You mention 4(4n+1)+1 = 16n + 5; what does it mean that you're turning the pattern of f(p) toward that?

Where does the sequence (4^n - 1)/3 come into play?

(4^n-1)/3 seems to fit a(n+1)=4*a(n)+1

so 4(4n+1)+1 = 16n+5

turning towards that means telling when they are equal so for example 23 gave 85 with my pattern 85 is in this sequence it now is shown not to hold a Mersenne prime. I'd rather target the index in the sequence though.

you have a sequence p*x+c when this hits a number in the sequence it gets eliminated as a possible m for a 24m+7 Mersenne prime.

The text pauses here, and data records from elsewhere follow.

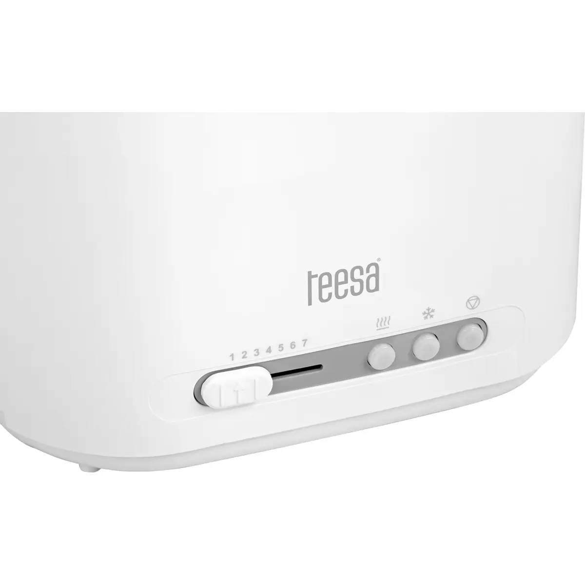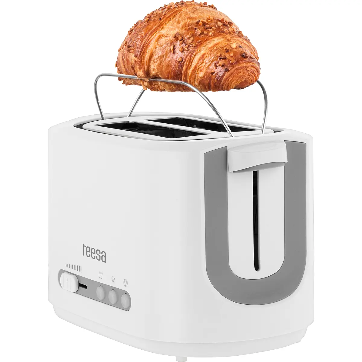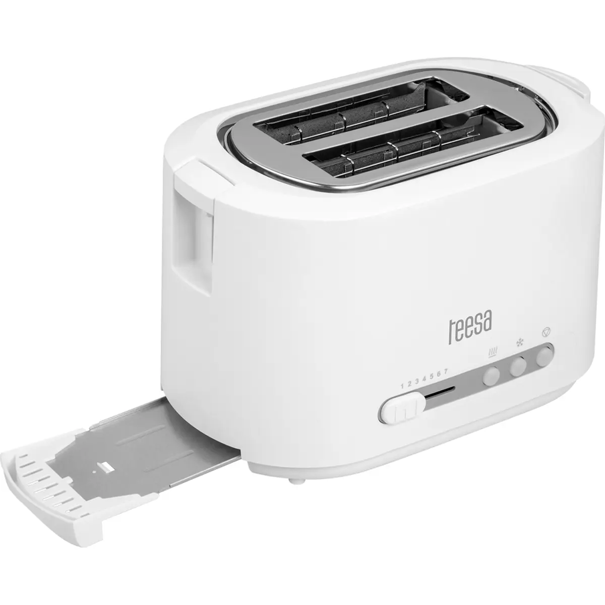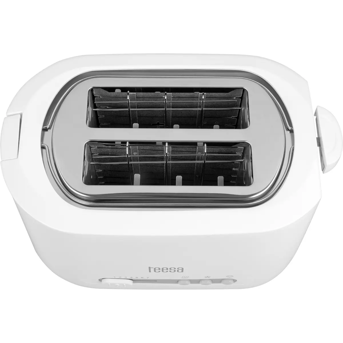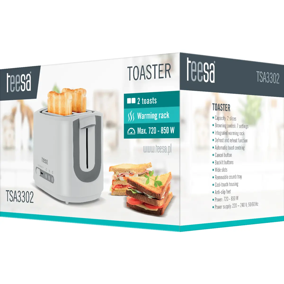 A torradeira Teesa tem um ajuste do nível de tostagem em 7 fases e um botão de paragem, o que facilita a preparação de torradas de acordo com as preferências de cada um dos membros da família. Para além disso, a função de centragem automática garante que a torrada fica sempre bem tostada. Também vai adorar as funções adicionais que permitem não só descongelar o pão, mas também aquecer as torradas. E não é tudo! Deseja uma baguete estaladiça? Pode utilizar a grelha de tostagem integrada.
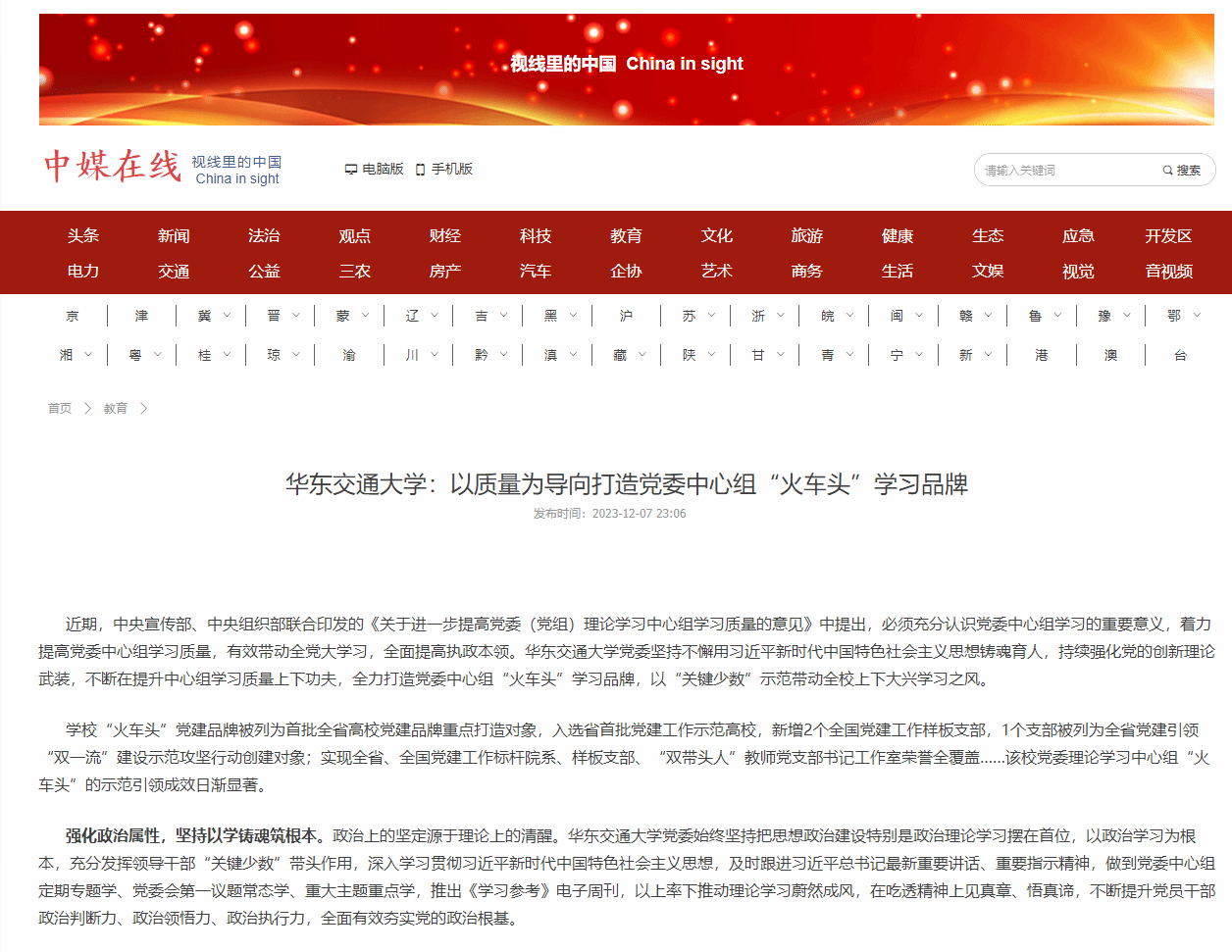 学校“火车头”党建品牌被列为首批全省高校党建品牌重点打造对象,入选省首批党建工作示范高校,新增2个全国党建工作样板支部,1个支部被列为全省党建引领“双一流”建设示范攻坚行动创建对象;实现全省、全国党建工作标杆院系、样板支部、“双带头人”教师党支部书记工作室荣誉全覆盖……该校党委理论学习中心组“火车头”的示范引领成效日渐显著。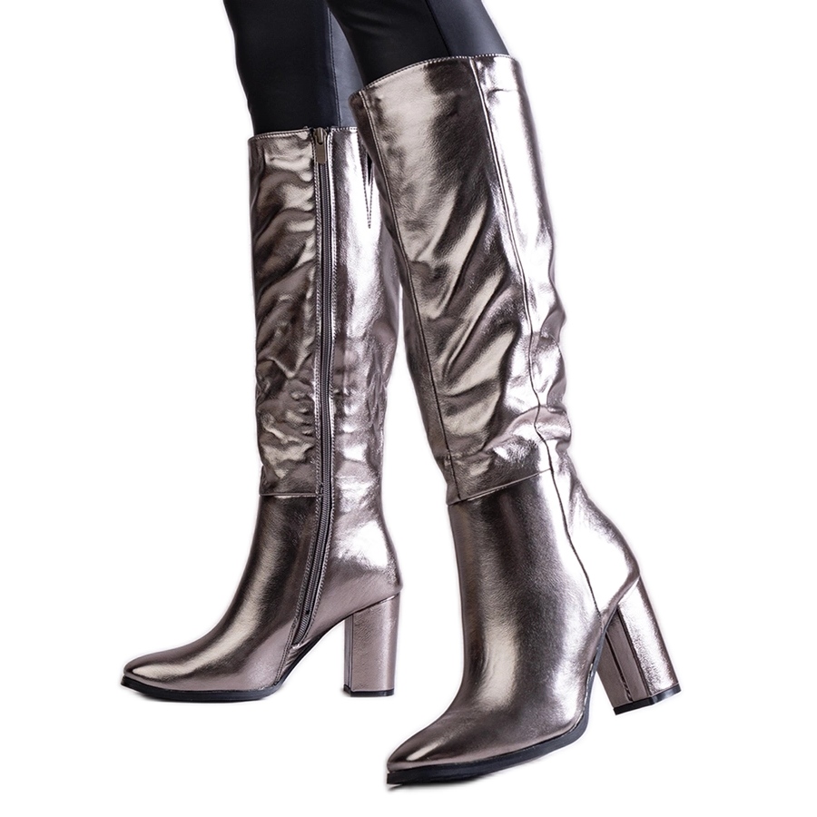 Silbere Stiefel auf dem Toume Leder Post sind eine modische Ergänzung, die sicherlich die Aufmerksamkeit jeder Frau auf sich zieht. Diese eleganten Schuhe, die aus hochwertigem ökologischem Leder bestehen, erfreuen sich mit ihrem metallischen Piter -Finish, was perfekt in aktuelle Trends passt.

and 24(a(n))+7 is a odd Mersenne number.

[CRGreathouse]

So... this may be going out on a limb... but you're suggesting trial-dividing potential Mersenne numbers by numbers of the form (4^n-1)/3?

[science_man_88]

Quote:

Originally Posted by CRGreathouse

So... this may be going out on a limb... but you're suggesting trial-dividing potential Mersenne numbers by numbers of the form (4^n-1)/3?

well using these sequence patterns to eliminate them but essentially yeah but maybe using a pattern in the indexes knocked out.

[CRGreathouse]

Quote:

Originally Posted by science_man_88

well using these sequence patterns to eliminate them but essentially yeah but maybe using a pattern in the indexes knocked out.

OK, so you have a particular prime p for which 2^p - 1 may and may not be a Mersenne prime. You want to use the sequence (4^n-1)/3 in some fashion to eliminate p, that is, to prove that 2^p - 1 is composite.

All I'll need to know is
1. what range of n to use, and
2. how to determine, given (4^n-1)/3, if 2^p - 1 is composite (or unknown).

[3.14159]

Quote:

Originally Posted by science_man_88

well using these sequence patterns to eliminate them but essentially yeah but maybe using a pattern in the indexes knocked out.

That's simply terrible!

Ex: 2^97 - 1 = 158456325028528675187087900671 = 11447 * 13842607235828485645766393.

None of those factors could be (4^n-1)/3 because they don't end in 1 or 5! This cannot be used.

[science_man_88]

Quote:

Originally Posted by 3.14159

That's simply terrible!

Ex: 2^97 - 1 = 158456325028528675187087900671 = 11447 * 13842607235828485645766393.

None of those factors could be (4^n-1)/3 because they don't end in 1 or 5! This cannot be used.

look 24m+7 = odd 2^p-1 starting at 2^3-1. gives all odd exponent Mersenne numbers from 2^3-1 on.

so by determining if m is in the sequence by using the pattern of m derived to be composite using my method we can eliminate all odd composite 2^p-1 of form 24m+7 given a pattern in index elimination we could use this like a sieve of Eratosthenes on the indexes of the sequence given hence only leaving ones that can give primes any sieve of Atkins variant on this would be greatly loved.